## ASSIGNMENT
A complete answer lists every line of the entries below where the string "with" appears.

## RECORDS TO USE

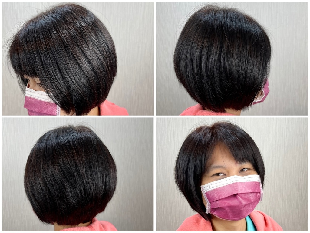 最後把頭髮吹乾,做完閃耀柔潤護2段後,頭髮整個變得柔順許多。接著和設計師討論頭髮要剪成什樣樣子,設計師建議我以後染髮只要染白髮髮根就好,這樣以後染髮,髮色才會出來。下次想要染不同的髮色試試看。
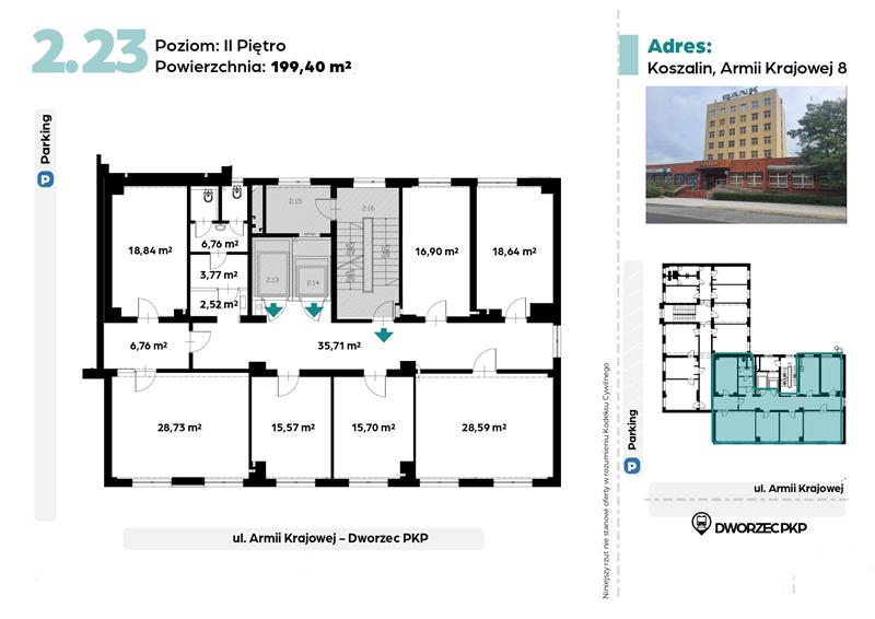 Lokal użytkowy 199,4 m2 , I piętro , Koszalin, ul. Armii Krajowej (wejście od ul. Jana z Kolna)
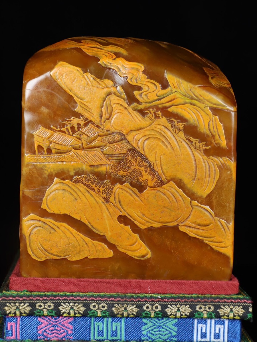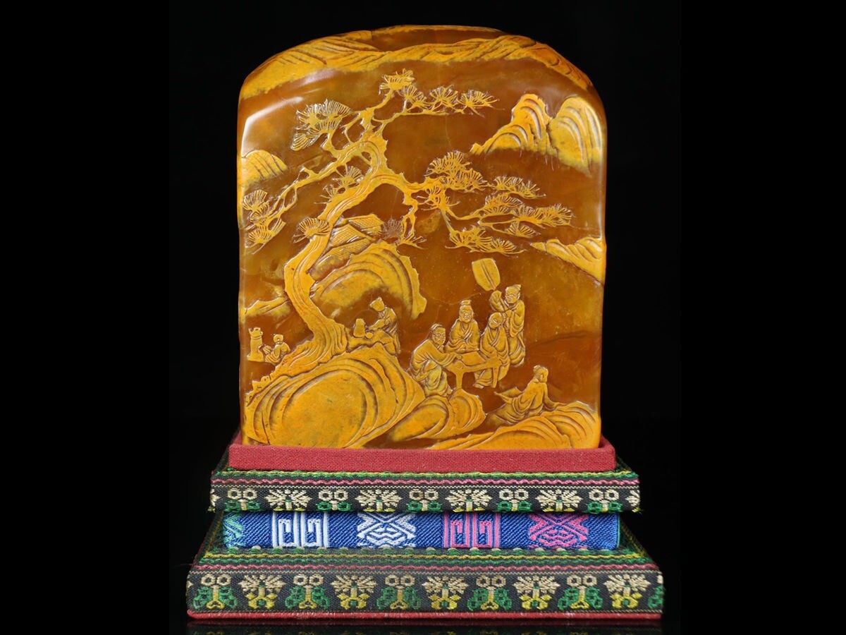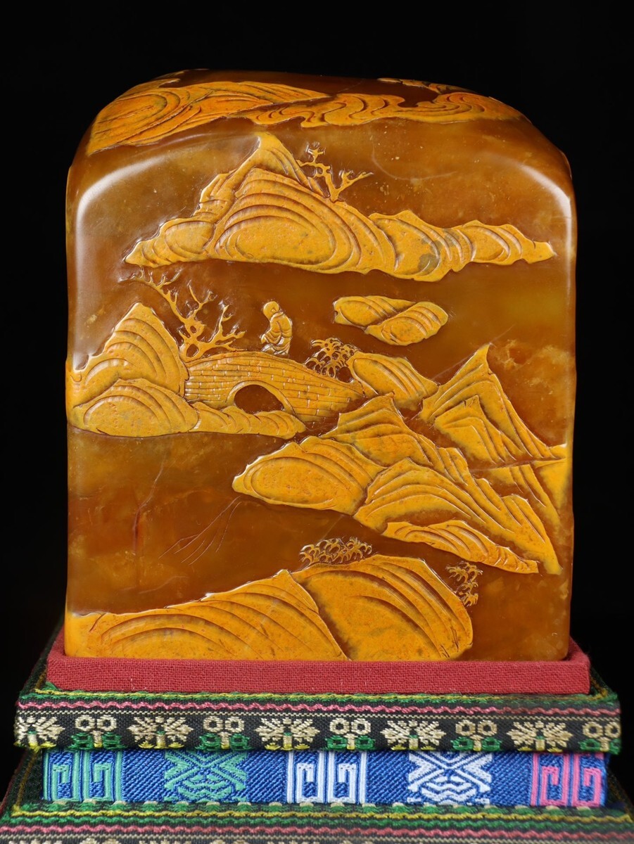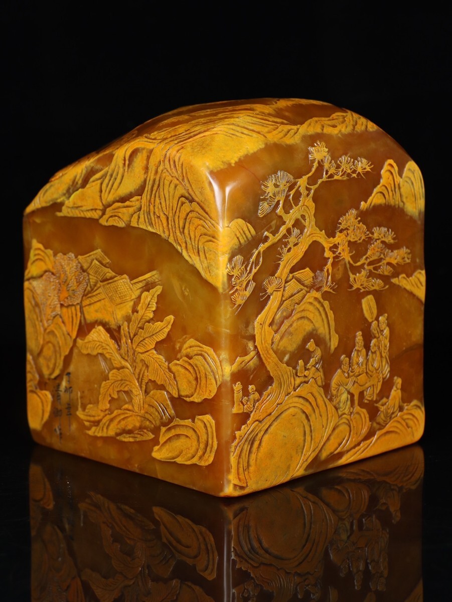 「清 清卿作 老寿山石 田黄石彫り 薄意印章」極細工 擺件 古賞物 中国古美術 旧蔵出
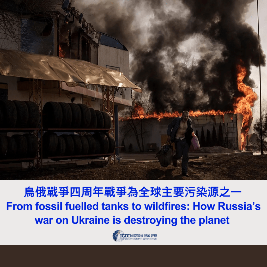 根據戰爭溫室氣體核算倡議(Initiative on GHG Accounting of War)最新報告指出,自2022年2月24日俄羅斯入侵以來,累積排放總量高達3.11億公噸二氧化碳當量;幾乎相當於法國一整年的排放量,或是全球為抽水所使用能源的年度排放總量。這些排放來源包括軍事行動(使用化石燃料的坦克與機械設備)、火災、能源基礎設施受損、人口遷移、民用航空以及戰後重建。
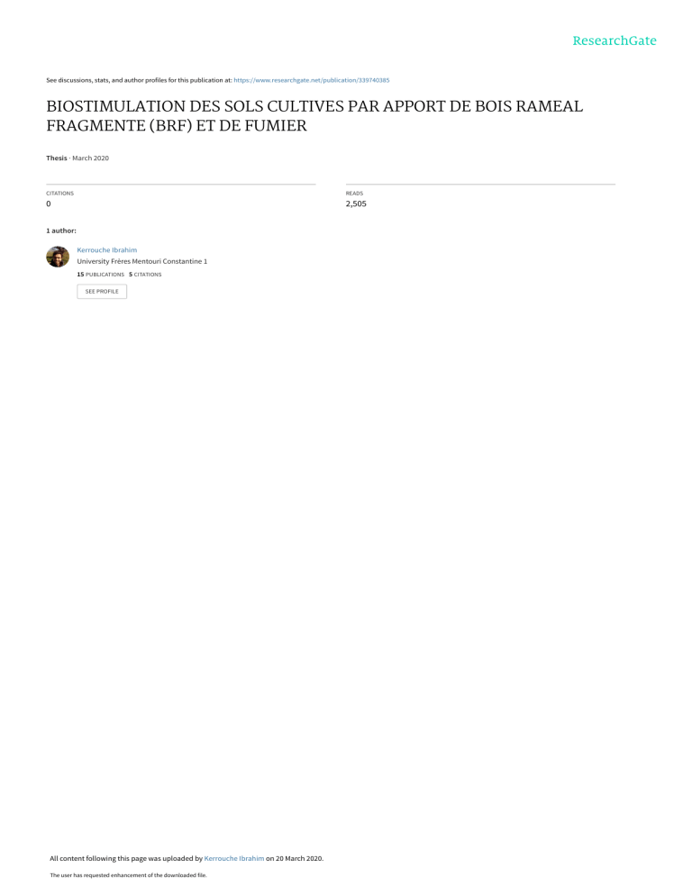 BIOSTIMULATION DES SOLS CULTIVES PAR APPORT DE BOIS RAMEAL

* * *

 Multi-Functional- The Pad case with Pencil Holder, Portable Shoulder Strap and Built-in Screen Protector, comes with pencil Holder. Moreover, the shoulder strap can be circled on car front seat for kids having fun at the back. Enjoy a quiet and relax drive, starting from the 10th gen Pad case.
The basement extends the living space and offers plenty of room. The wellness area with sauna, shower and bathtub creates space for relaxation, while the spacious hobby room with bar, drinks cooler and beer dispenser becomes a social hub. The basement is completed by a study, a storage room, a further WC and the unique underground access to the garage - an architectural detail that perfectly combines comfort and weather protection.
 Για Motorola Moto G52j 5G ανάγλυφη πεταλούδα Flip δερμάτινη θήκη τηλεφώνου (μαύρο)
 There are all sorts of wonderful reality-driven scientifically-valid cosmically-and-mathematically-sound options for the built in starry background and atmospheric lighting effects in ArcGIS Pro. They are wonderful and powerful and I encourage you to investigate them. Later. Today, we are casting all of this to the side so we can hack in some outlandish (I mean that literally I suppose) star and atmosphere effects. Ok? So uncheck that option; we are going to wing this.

## COMPLETED TASK
 Multi-Functional- The Pad case with Pencil Holder, Portable Shoulder Strap and Built-in Screen Protector, comes with pencil Holder. Moreover, the shoulder strap can be circled on car front seat for kids having fun at the back. Enjoy a quiet and relax drive, starting from the 10th gen Pad case.
The basement extends the living space and offers plenty of room. The wellness area with sauna, shower and bathtub creates space for relaxation, while the spacious hobby room with bar, drinks cooler and beer dispenser becomes a social hub. The basement is completed by a study, a storage room, a further WC and the unique underground access to the garage - an architectural detail that perfectly combines comfort and weather protection.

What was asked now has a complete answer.